Competing Hypotheses

In words

  • Null hypothesis: The mean departure delays are the same for all 11 carriers for all 2014 flights departing Portland, Oregon.

  • Alternative hypothesis: At least one of the population mean departure delays is different.

Another way with words

  • Null hypothesis: There is no association between departure delay and airline in the population of interest.

  • Alternative hypothesis: There is an association between the variables in the population.

Set \(\alpha\)

It’s important to set the significance level before starting the testing using the data. Let’s set the significance level at 5% here.

Exploring the sample data

library(dplyr)
library(knitr)
library(ggplot2)
library(reedoilabs)
pdx_summ <- pdx_rs %>% group_by(carrier) %>%
  summarize(sample_size = n(),
    mean = mean(dep_delay),
    sd = sd(dep_delay),
    minimum = min(dep_delay),
    lower_quartile = quantile(dep_delay, 0.25),
    median = median(dep_delay),
    upper_quartile = quantile(dep_delay, 0.75),
    max = max(dep_delay))
kable(pdx_summ)
carrier sample_size mean sd minimum lower_quartile median upper_quartile max
AA 231 13.20779 75.622 -18 -5 -2 5.0 782
AS 1422 0.33052 20.067 -20 -7 -5 -1.0 204
B6 175 4.20571 22.688 -13 -7 -3 4.5 144
DL 580 2.14828 22.262 -14 -5 -3 0.0 272
F9 142 9.57746 56.272 -19 -7 -3 7.0 590
HA 37 -1.81081 12.927 -12 -7 -6 -2.0 64
OO 1111 4.50405 28.384 -15 -6 -4 0.0 302
UA 715 9.05455 34.287 -16 -5 -2 5.0 249
US 247 2.20243 25.027 -15 -6 -3 1.0 258
VX 87 2.33333 18.733 -12 -7 -4 0.0 85
WN 1253 12.06385 30.318 -10 -2 2 15.0 474

The side-by-side boxplot below also shows the mean for each group highlighted by the red dots.

qplot(x = carrier, y = dep_delay, data = pdx_rs, geom = "boxplot") +
      stat_summary(fun.y = "mean", geom = "point", color = "red")

The outliers do muddy this plot up quite a bit. We can remove them and zoom in on the interquartile range by using the R code below:

ggplot(aes(x = carrier, y = dep_delay), data = pdx_rs) + 
  geom_boxplot(outlier.shape = NA) +
  coord_cartesian(ylim = c(-20, 45)) +
  stat_summary(fun.y = "mean", geom = "point", color = "red")

Guess about statistical significance

We are looking to see if a difference exists in the mean departure time in the 11 levels of the explanatory variable. Based solely on the boxplot, we have reason to believe that a difference exists, but the overlap of the boxplots is potentially a bit concerning.

Check conditions

Remember that in order to use the shortcut (formula-based, theoretical) approach, we need to check that some conditions are met.
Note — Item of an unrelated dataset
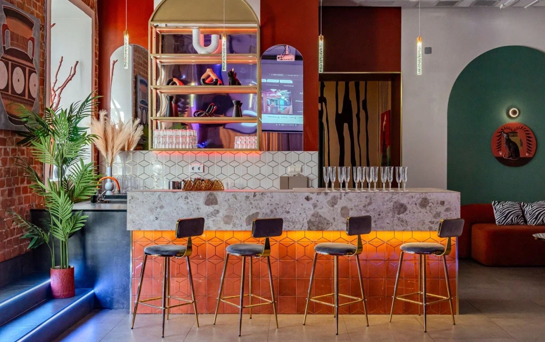 Подойдет для компании до 40 человек. 20 посадочных мест, 40 фуршет. Дизайн зала выполнен в теплых тонах в стиле лофт фьюжн.

  1. Independent observations: The observations are independent both within and across groups.

    A pseudorandom generator was used in R to select a sample of 3000 flights from our population of all flights. We also assume that the different airlines act independently, which may not always be the case, but shouldn’t affect the results greatly here.
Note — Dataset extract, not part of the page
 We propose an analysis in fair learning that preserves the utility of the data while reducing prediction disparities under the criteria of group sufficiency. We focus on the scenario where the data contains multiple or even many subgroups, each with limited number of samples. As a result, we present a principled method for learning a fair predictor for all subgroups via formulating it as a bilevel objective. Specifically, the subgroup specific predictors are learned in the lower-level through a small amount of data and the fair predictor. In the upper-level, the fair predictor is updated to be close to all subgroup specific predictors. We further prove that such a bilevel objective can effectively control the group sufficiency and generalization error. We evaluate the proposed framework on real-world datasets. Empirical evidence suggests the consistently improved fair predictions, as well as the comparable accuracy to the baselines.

  2. Approximately normal: The distribution of the response for each group should be normal or the sample sizes should be at least 30.

qplot(sample = dep_delay, data = pdx_rs, facets = ~ carrier)

The quantile-quantile plots here should result in straight lines matching the theoretical quantiles of a standard normal distribution if they were in fact normal. We have serious reason to doubt they are normally distributed, which intuitively makes sense since flight departure delays are likely to have a right-skewed distribution.

The Central Limit Theorem can be invoked with reasonable certainty if each of the groups has more than 30 observations (sample size). We can see in the table above that HA has the fewest but it is at 37, so we can assume this condition is met even though the distributions are heavily skewed.

  1. Constant variance: The variance in the groups is about equal from one group to the next.

    The standard deviances in the table above leads us to possibly suspect that the standard deviations of the groups in the population are not similar. AA has a standard deviation of 76.622 minutes while HA has a standard deviation of 12.927 minutes. These are on the same order of magnitude so we can proceed, albeit with some caution.

Test statistic

The test statistic is a random variable based on the sample data. Here, we want to look at the ratio of variability between the groups over the variability within the groups. This measure we will call \(F\) and it represents a measure of the difference in means. A big observed \(F\) ratio corresponds to the variability between groups over-powering the variability within groups. A small observed \(F\) ratio means that the within group variability is much larger than the between group variability.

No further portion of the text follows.